Mastodawn

Danielle Navarro Nov 20, 2022

My favourite trick for working with huge data sets in R. If your dataset is larger than memory and the query result is also larger than memory, you can still use dplyr/arrow pipelines. Example:

library(arrow)
library(dplyr)

nyc_taxi <- open_dataset("nyc-taxi/")
nyc_taxi |>
filter(payment_type == "Credit card") |>
group_by(year, month) |>
write_dataset("nyc-taxi-credit")

Input is 1.7 billion rows (70GB), output is 500 million (15GB). Takes 3-4 mins on my laptop 🙂

@djnavarro really need to learn arrow! I feel like I’ve incorrectly internalized, even loving R, that it “isn’t for big data”. I ended up on python when my first real use cases came and learned dask. Would open so much back up to escape pandas syntax with huge datasets.

Show thread

Danielle Navarro Nov 21, 2022

@ryderdavid One really nice thing, if you decide to learn arrow, is that it's very interoperable with Python because the in-memory data structure is the same regardless of which language you're using. So it's pretty easy to pivot between R and Python within a workflow if you find yourself needing that.

(I wrote up some notes on it a couple months ago, actually: https://blog.djnavarro.net/posts/2022-09-09_reticulated-arrow/)

Notes from a data witch - Passing Arrow data between R and Python with reticulate

In a multi-language ‘polyglot’ data science world, it becomes important that we are able to pass large data sets efficiently from one language to another without making unnecessary copies of the data. This post is the story of how I learned to love using reticulate to pass data between R and Python, especially when used together with Apache Arrow which prevents wasteful copying when the handover takes place

Show thread

Ryder C

🔭 🚲Nov 21, 2022

@djnavarro oh thanks!! This might be the nice entry point for giving it a shot after weeks of yelling at .agg() functions

Show thread

Danielle Navarro Nov 21, 2022

@ryderdavid oh god i feel your pain. I try not to be pissy about the Pandas API too much because Wes McKinney is CTO at Voltron Data and I like my job (I'm kidding of course, every interaction I've had with Wes has been great)... but goddamn it I just cannot think in Pandas syntax at all. If I have to use Python for data wrangling I sort of prefer Ibis (which also uses Arrow under the hood 😁 )

Show thread

Ryder C

🔭 🚲

@djnavarro I love Wes from my impression online and think it’s obviously better than my rolling my own data frame (lol, what that would look like) but when I pivoted to cloud and had to upskill in py, coming from dplyr it was a huge sting.
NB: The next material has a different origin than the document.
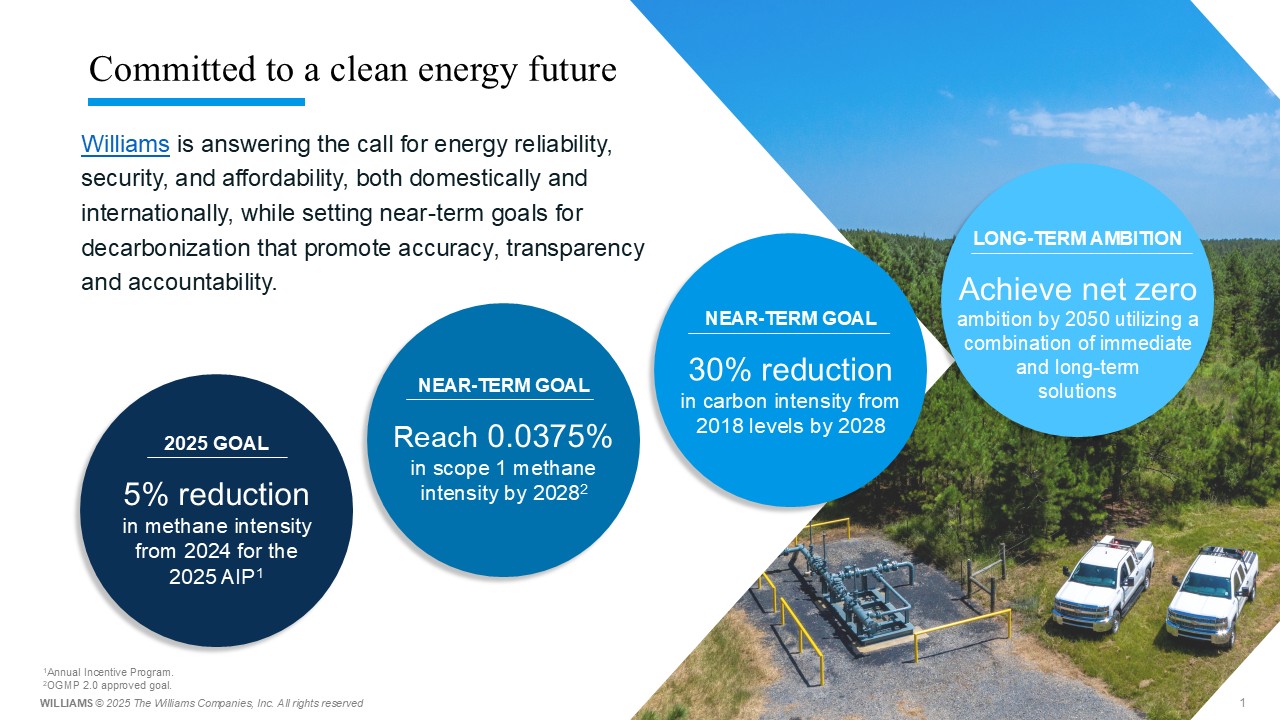 Williams is answering the call for energy reliability, security, and affordability, both domestically and internationally, while setting near-term goals for decarbonization that promote accuracy, transparency, and accountability.
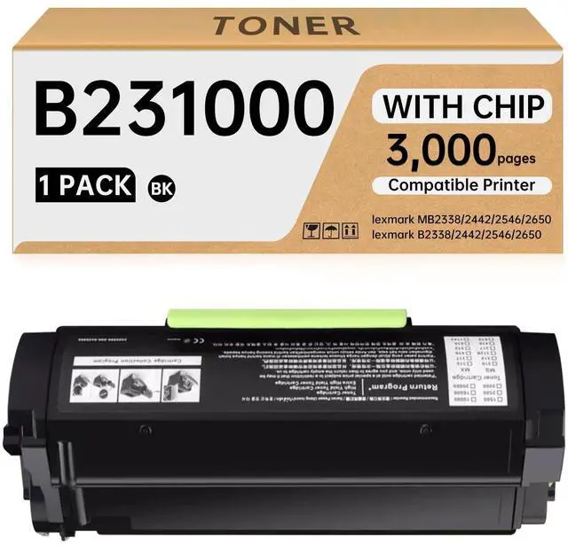 Included in the package - You will receive 1 pc of B231000 toner cartridge with 3000 pages and 5% toner coverage ^^ Compatible with a wide range of printers - The B231000 toner cartridge is compatible with Lexmark B2338 B2442 B2546 B2650 MB2338 MB2442 MB2546 MB2650 laser printers ^^ Clear Printing - B231000 adopts fine toner, which is not easy to leak, and the printed images and text are clear and natural, not rough, and not easy to lose color ^^ Quality Assurance - The B231000 toner cartridge supports continuous printing and can go through 100 prints without degradation, so the printing process is natural and smooth ^^ New Smart Chip - B231000 toner cartridge contains a new upgraded smart chip, customers are free to install and replace the use of debugging, convenient and fast

I am better now but it always feels like moving target (though I do love .apply(lambda x: )! Glad for dask where I don’t have to learn yet another syntax, but hasn’t been ideal and good time to unlearn that R is only for RAM-size. Thanks for the springboard!

Show thread

Danielle Navarro Nov 21, 2022

@ryderdavid Good luck! And please feel free to ping me on here if you run into pain points. One of my jobs involves grumbling to the devs when things in arrow don't actually do what is advertised, so I'm happy to pass feedback upstairs

Show thread

Ryder C

🔭 🚲Nov 21, 2022

@djnavarro will definitely keep that in my pocket-even better incentive to jump in!